In this chapter, we have introduced the basic principles of biosensors and bioelectronics interfaces specially focused on the design of instrumentation related to amperometrics biosensors, potentiostat amplifiers and lock-in amplifiers. These elements have been introduced with regard to the state-of-the-art and the trends involved in such systems, and the development of custom built electronic solutions for bio-electronics applications, from discrete devices to ASICS solutions.
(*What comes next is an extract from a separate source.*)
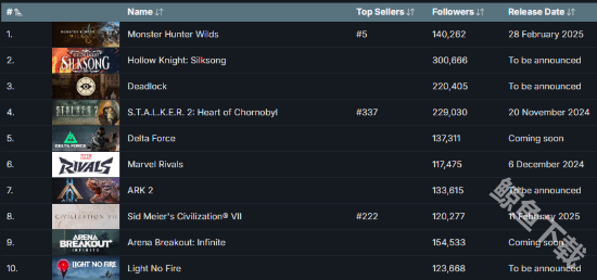 卡普空新作--怪物猎人:荒野在一系列的公开信息后,目前这款游戏已经登上了steam平台的愿望单第一名的位置,根据SteamDB数据显示,目前关注这款游戏的玩家已经多达14多万名玩家。

Discrete systems are useful for implementation in portable point-of-care applications. As we get less area and power restrictions than an ASIC solution, there are several architectures for data acquisition, processing and transmission. Potentiostat amplifiers can be designed with discrete devices or a monolithic ASIC solution while the lock-in amplifier can be designed with discrete devices or monolithic ASIC for an analogue approach, or an external commercial microcontroller or DSP for a digital approach. We must choose our fit depending on portability, accuracy and reliability requirements.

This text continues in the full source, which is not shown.